Although initially tasked with surveying 10 square kilometers, NPA actually completed the survey of over 20 square kilometers (20,356,049 square meters) during 2009. As a result, it is estimated that over 6.6 square kilometers will be released for use as containing no explosive threats. Of the remaining 13.7 square kilometers identified as risk areas, it is estimated that 12 square kilometers will be targeted for further survey and land release processing during 2010.
Ukraine is working to destroy excess stockpiles of small arms and light weapons (SA/LW), man-portable air-defense systems (MANPADS), and munitions under a U.S.-led North Atlantic Treaty Organization (NATO) Partnership for Peace (PfP) project. Seventeen donor countries (in addition to the United States) and the European Union made financial contributions to the project. They are: Austria, Bulgaria, Canada, Germany, Hungary, Iceland, Ireland, Latvia, Lithuania, Luxembourg, the Netherlands, Norway, Poland, Slovakia, Switzerland, Turkey, the United Kingdom, and the European Union.
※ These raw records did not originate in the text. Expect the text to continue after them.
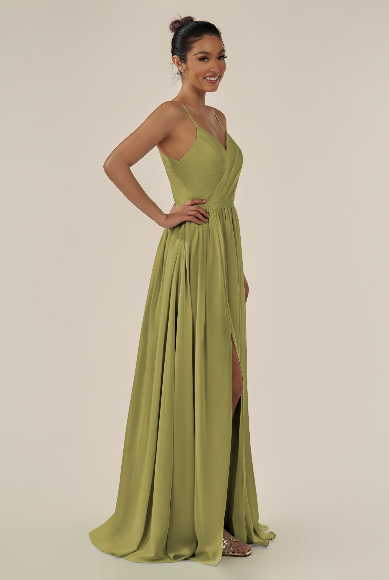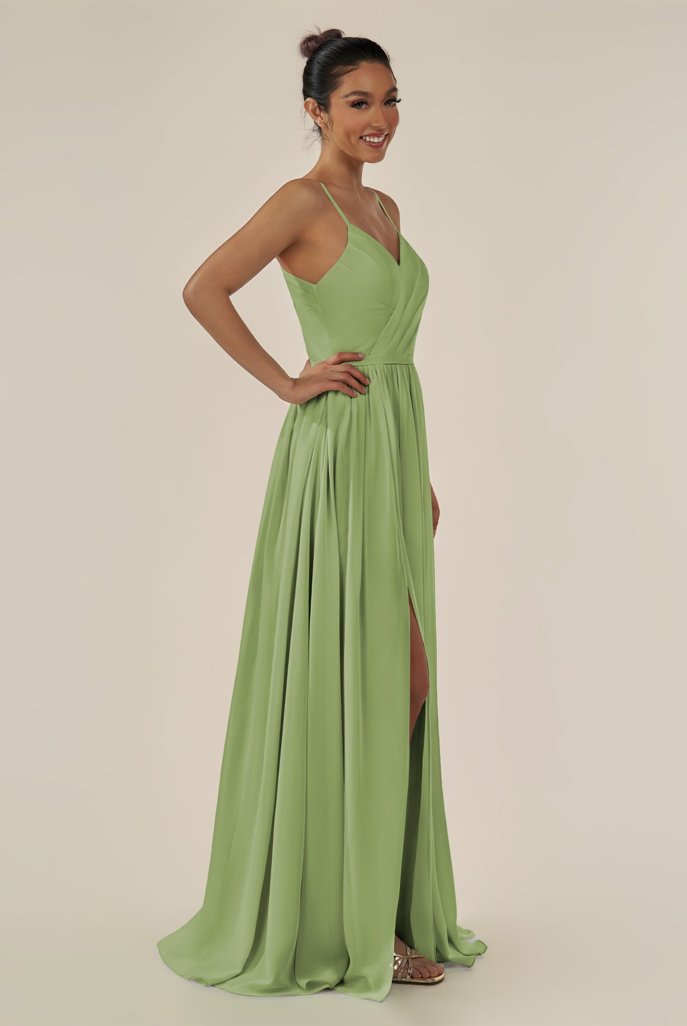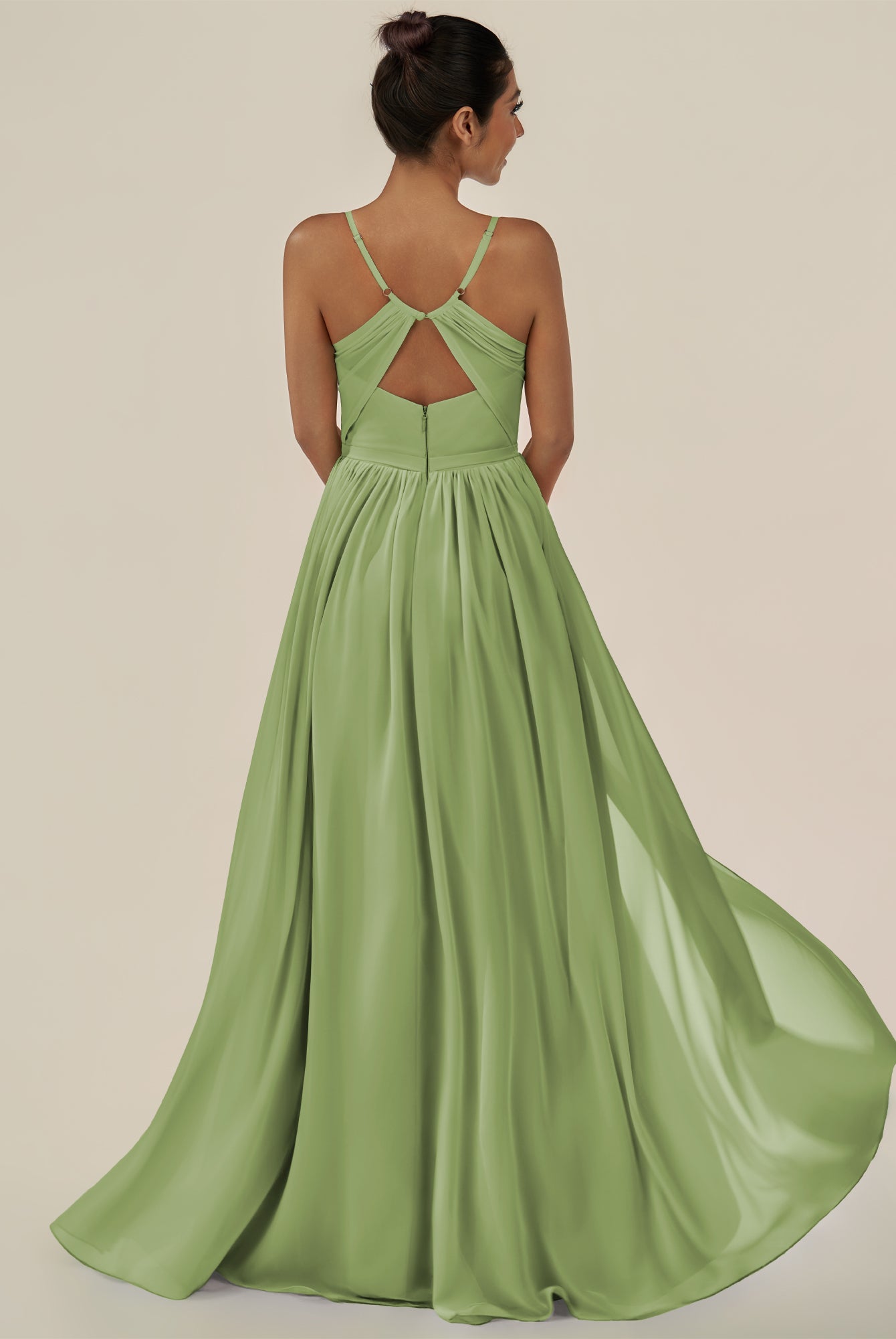 Irissa | Matcha - A Line Chiffon V Neck Pleated Long Bridesmaid Dress with Slit
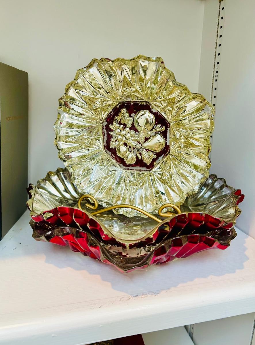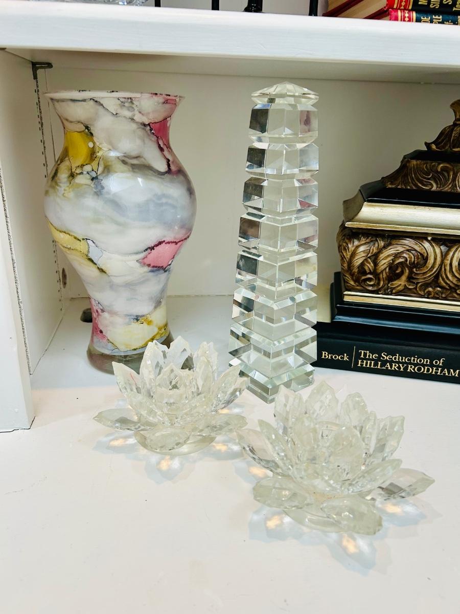 Shelf Contents - Goofus Glass, books, Statue, stemware, lamp, Crystal . Shelf is not included
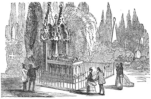 Go when you will, you find somebody snuffling over that tomb. Go when you will, you find it furnished with those bouqnets and immortelles. Go when you will, you find a gravel-train from Marseilles arriving to supply the deficiencies caused by memento-cabbaging vandals whose affections have miscarried.
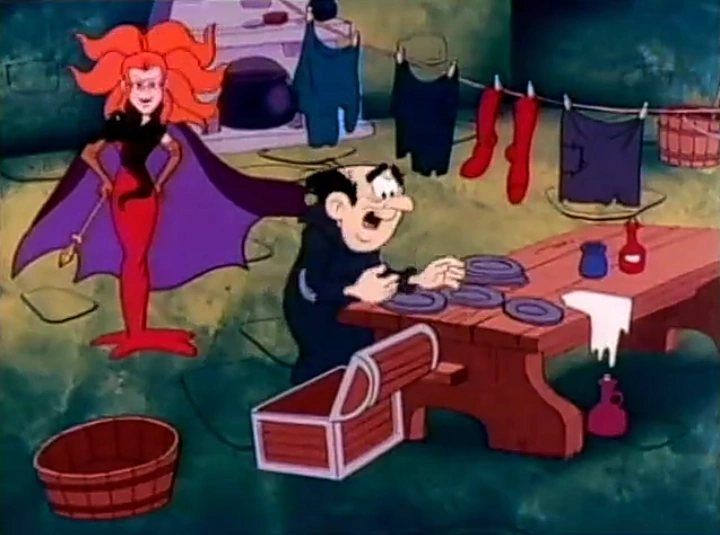 After the enchantress gets herself off Gargamel, she sends Scruple scurrying with a blast of her power for sassing her, which makes Gargamel so lovestruck by her wickedness that he's willing to offer whatever she wants, saying that he's a very rich wizard. The enchantress introduces herself as Evelyn and her pet weasel as Satin, and though she finds Gargamel's mispronounced name to be cute, she is less impressed by his living quarters. Gargamel says that it's only temporary and that he's the only wizard who knows the secret of the Philosopher's Stone, which requires the capture of six Smurfs. Evelyn has no idea what a Smurf is, but after Gargamel's explanation of who and what they are, she sends the wizard on his way to capture the Smurfs while she stays in his castle to steal his gold formula. Gargamel asks Evelyn if he could borrow the magic wand, and she allows him to do so, asking if he knows how to handle a wand. Gargamel tries to prove that he does, but her wand seems to have a mind of its own as it blasts the wizard in the foot.
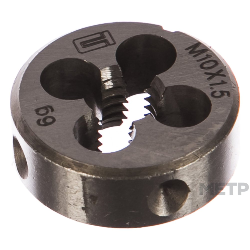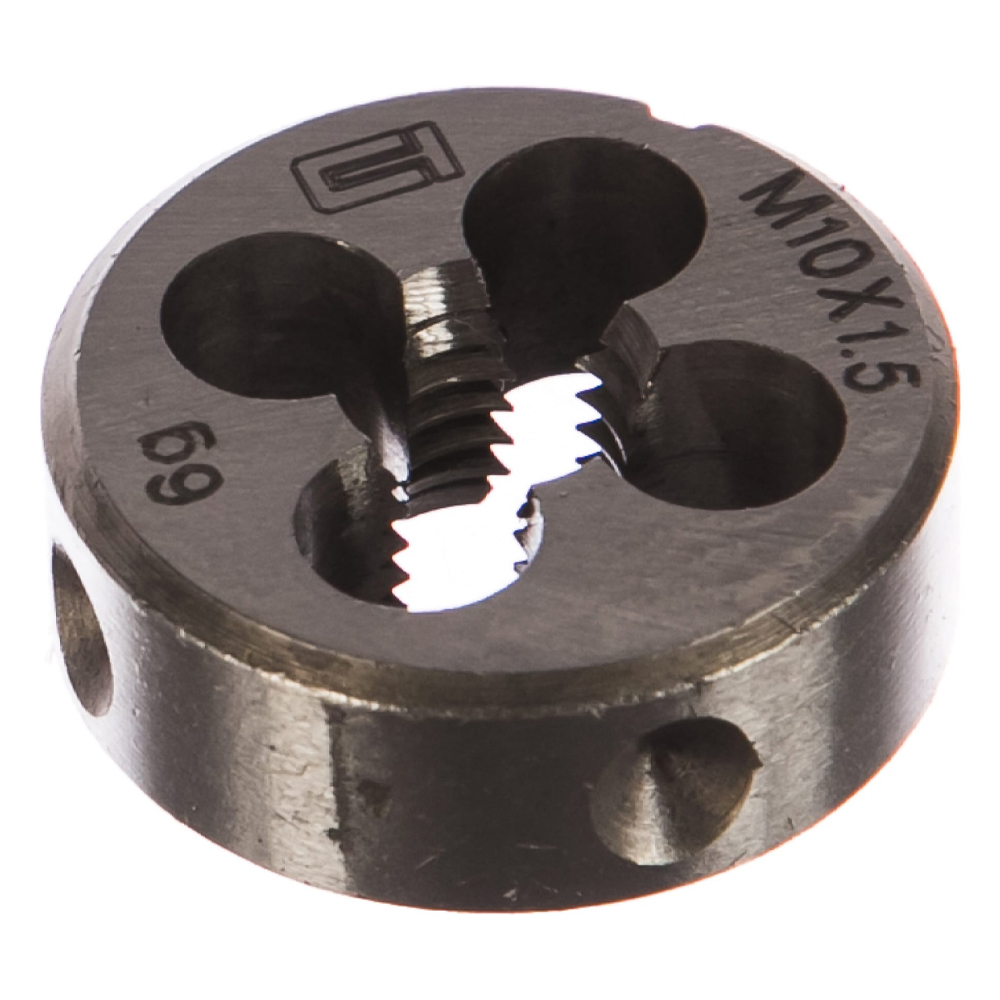Плашка М10 1,5 мм Сибртех. При реорганизации/капитальном ремонте водопроводных и отопительных систем частных домов может потребоваться замена труб. Установке новых элементов всегда предшествует их подгонка в соответствии с проектом, нарезание резьбы, для чего и применяется данный инструмент.
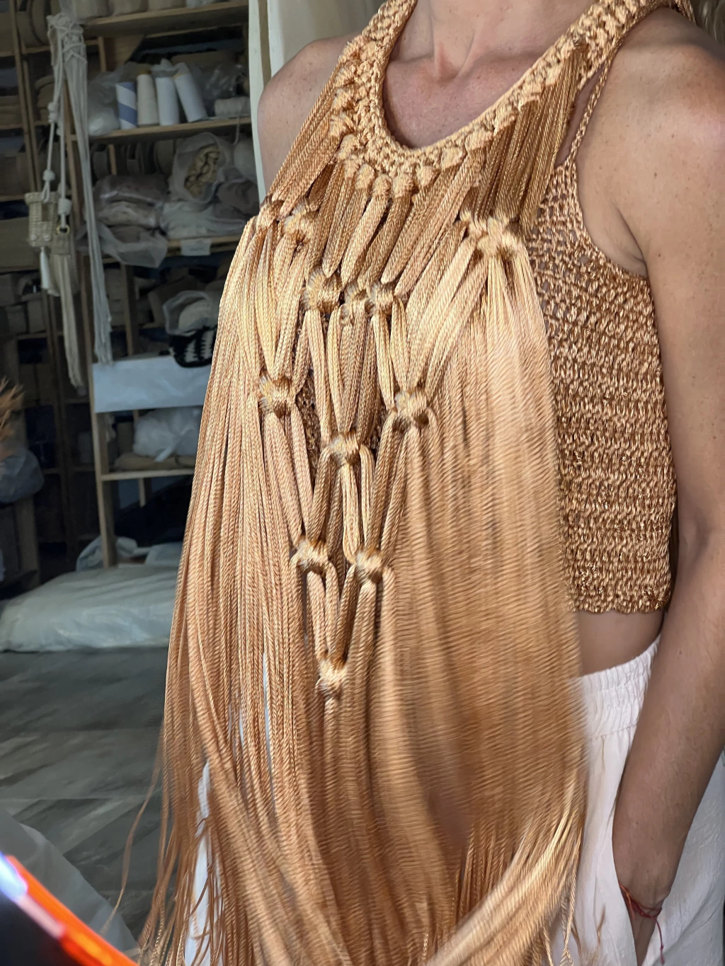 Pechera realizada a mano en técnica crochet, con adorno de nudos de macramé y top en el mismo tono con el ancho regulable.
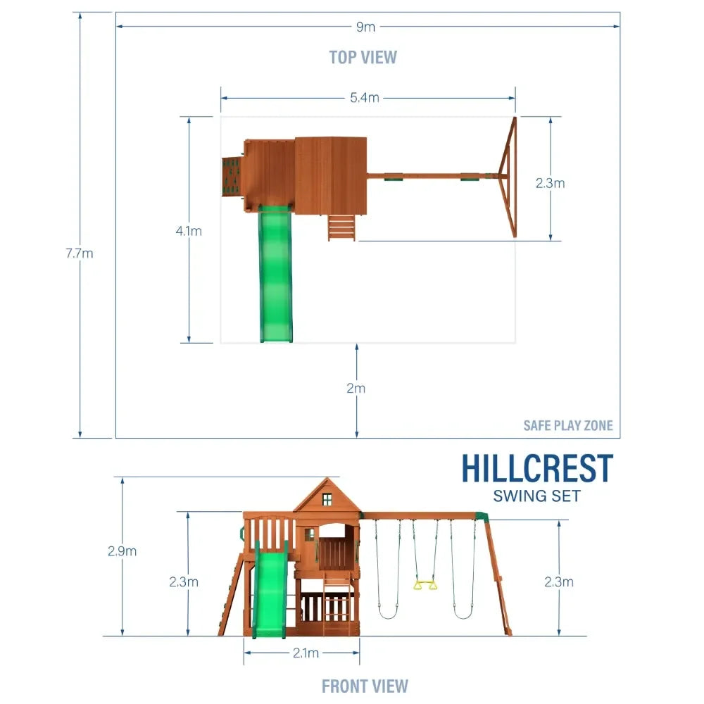 The Hillcrest is ideal for families seeking a reliable, beautifully crafted wooden playset that stimulates both physical and imaginative play. Its compact footprint fits well into smaller yards while delivering a rich range of play options, making it a highly practical and enjoyable investment for children’s outdoor recreation.
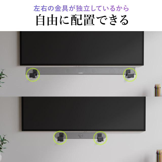 ●左右の金具が独立しており、ご使用のサウンドバーにピッタリ合わせることができます。
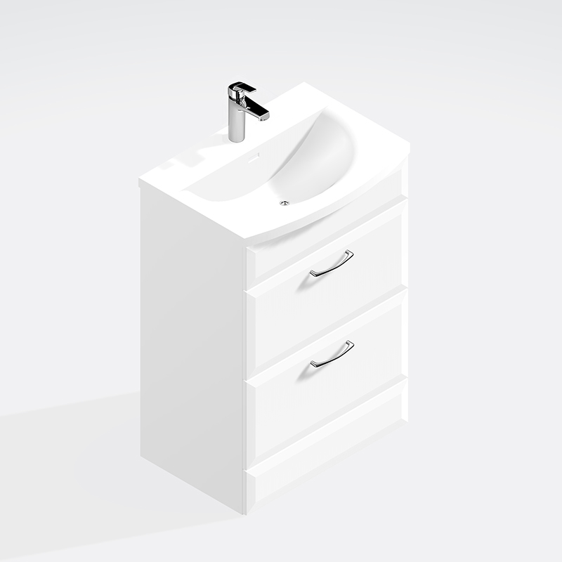 This 2 drawer Floor Standing Vanity Unit with Curved Basin is the perfect addition to any modern bathroom. This contemporary unit comes in a variety of widths from 500mm to 800mm and a single depth of 390mm, allowing you to easily customize it to fit your space. Featuring two drawers for easy storage, this vanity unit offers plenty of storage space. Crafted with high-quality materials, this durable piece is designed to last for years to come, making it a great investment for any bathroom.
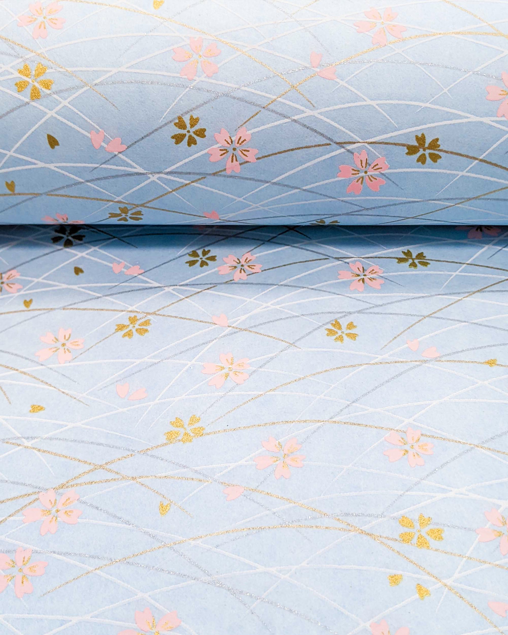 0868 Pink & Gold Cherry Blossoms on Light Blue

This is one of the largest weapons and munitions destruction projects in history, and represents the largest PfP project undertaken by NATO. The project is in response to Ukraine’s request for help in eliminating 133,000 tons of munitions and 1.5 million SA/LW. The stockpiles, mainly dating from the Soviet era, pose a potential proliferation risk and are a threat to public safety and the environment. The proposed four-phase project will last a projected 12 years and will cost approximately $27 million in donor contributions, with Ukraine providing most of the operational and inkind demilitarization costs. Phase 1 will cost donors $8.5 million, of which the United States contributed $6.442 million, and includes plans for the destruction of 15,000 tons of munitions, 400,000 SA/LW, and 1,000 MANPADS.
Ammunition destruction began in late 2009 with just under 4,500 tons destroyed before the end of the year. SA/LW destruction restarted in December 2009 with 10,400 weapons destroyed before January 2010. A total of 142,393 weapons have been destroyed and the project will continue into 2010.